Although one might have thought that defining waters of the United States shouldn’t be so difficult, one would have been wrong. Summarizing the rule and the issues is certainly beyond the scope of this space. I will note some highlights:
As we noted when the draft rule was leaked last fall, EPA proposes to include certain key areas within the meaning of “waters of the United States” by rule. These include:
(1) All waters which are currently used, were used in the past, or may be susceptible to use in interstate or foreign commerce, including all waters which are subject to the ebb and flow of the tide;
(2) All interstate waters, including interstate wetlands;
(3) The territorial seas;
(4) All impoundments of waters identified in paragraphs (a)(1) through (3) and (5);
(5) All tributaries of waters identified in paragraphs (a)(1) through (4); and
(6) All waters, including wetlands, adjacent to a water identified in paragraphs (a)(1) through (5).
For example, any wetland adjacent to a tributary of an impounded waterbody that used to be used in interstate commerce would be subject to CWA jurisdiction as a matter of law.

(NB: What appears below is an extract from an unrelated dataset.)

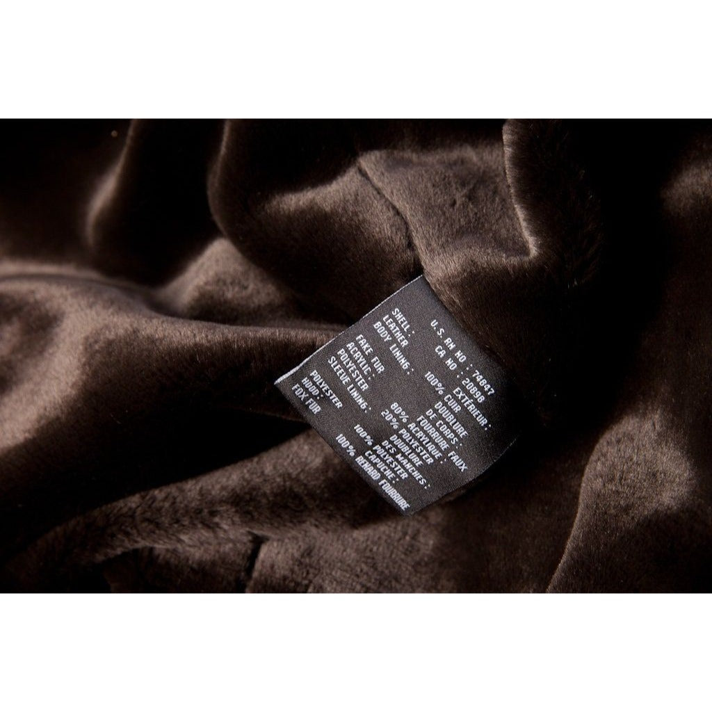 Mid length leather coat, interior is faux fur with the outside of the hood being fox fur.

EPA also included a Rapanos catch-all category – other waters that have a “significant nexus” to any of the first three categories. Importantly, such “significant nexus” waters will not be jurisdictional as a matter of law, but will be subject to case-by-case review.

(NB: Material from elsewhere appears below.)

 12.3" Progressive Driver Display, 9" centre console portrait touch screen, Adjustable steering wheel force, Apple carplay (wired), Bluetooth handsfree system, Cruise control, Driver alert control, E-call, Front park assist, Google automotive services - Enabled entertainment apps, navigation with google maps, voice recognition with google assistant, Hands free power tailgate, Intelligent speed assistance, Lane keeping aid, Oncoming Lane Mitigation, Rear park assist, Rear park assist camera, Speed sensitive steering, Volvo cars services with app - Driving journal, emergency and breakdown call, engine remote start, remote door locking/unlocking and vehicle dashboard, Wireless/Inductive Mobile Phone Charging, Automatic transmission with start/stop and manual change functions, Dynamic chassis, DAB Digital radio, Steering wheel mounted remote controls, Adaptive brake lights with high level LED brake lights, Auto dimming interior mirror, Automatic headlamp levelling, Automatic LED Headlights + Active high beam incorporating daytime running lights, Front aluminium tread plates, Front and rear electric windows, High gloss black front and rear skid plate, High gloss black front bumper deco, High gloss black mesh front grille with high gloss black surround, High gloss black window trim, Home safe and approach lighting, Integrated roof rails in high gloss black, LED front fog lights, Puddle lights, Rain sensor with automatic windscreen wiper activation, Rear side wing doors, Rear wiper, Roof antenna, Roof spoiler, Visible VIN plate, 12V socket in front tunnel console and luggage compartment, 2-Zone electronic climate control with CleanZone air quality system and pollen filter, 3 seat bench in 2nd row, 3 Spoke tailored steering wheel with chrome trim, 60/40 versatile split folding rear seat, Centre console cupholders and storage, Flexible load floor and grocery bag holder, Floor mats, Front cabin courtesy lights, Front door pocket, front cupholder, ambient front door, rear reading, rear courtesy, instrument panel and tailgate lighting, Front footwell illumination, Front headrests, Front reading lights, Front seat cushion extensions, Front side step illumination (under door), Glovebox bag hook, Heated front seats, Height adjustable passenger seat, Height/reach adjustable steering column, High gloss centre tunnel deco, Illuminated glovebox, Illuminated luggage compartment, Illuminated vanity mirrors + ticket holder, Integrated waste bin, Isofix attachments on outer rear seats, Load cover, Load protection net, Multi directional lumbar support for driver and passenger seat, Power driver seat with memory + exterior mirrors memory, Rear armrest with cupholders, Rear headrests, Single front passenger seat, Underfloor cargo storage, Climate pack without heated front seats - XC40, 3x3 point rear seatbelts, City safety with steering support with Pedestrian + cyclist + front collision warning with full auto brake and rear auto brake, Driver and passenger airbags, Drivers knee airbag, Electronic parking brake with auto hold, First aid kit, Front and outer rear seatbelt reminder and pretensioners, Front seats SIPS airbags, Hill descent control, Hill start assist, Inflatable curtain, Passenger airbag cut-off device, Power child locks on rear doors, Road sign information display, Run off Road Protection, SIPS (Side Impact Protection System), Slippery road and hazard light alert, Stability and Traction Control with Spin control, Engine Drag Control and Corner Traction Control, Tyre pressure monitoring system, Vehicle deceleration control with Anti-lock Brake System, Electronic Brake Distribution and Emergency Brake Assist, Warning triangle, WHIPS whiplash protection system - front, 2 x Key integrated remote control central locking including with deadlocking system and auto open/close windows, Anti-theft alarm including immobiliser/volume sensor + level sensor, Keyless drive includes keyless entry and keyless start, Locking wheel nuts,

Finally, I’ll note that EPA has finally gotten religion and seems to be taking the regulatory process quite seriously. EPA has invited comment on a number of key issues – and I’m sure that it will receive many! – including whether it may be possible to refine any of these categories and create either more or fewer jurisdictional waters. It is also exploring whether, over time, waters in the catch-all category can move into the jurisdictional by rule category.
My last thought is one that is probably terrifying for House Republicans and large landowners. Because the science is so complex, and because EPA has undertaken formal notice and comment rulemaking, I’m going to go out on a limb now and say that, unless Justice Kennedy is replaced by someone more conservative before this rule reaches the Supreme Court, any rule EPA promulgates that is anywhere close to what is in this proposed rule will withstand judicial review. It’s just hard to see under Chevron why EPA’s interpretation wouldn’t get deference.
See, EPA; I told ya. Regulation, not guidance.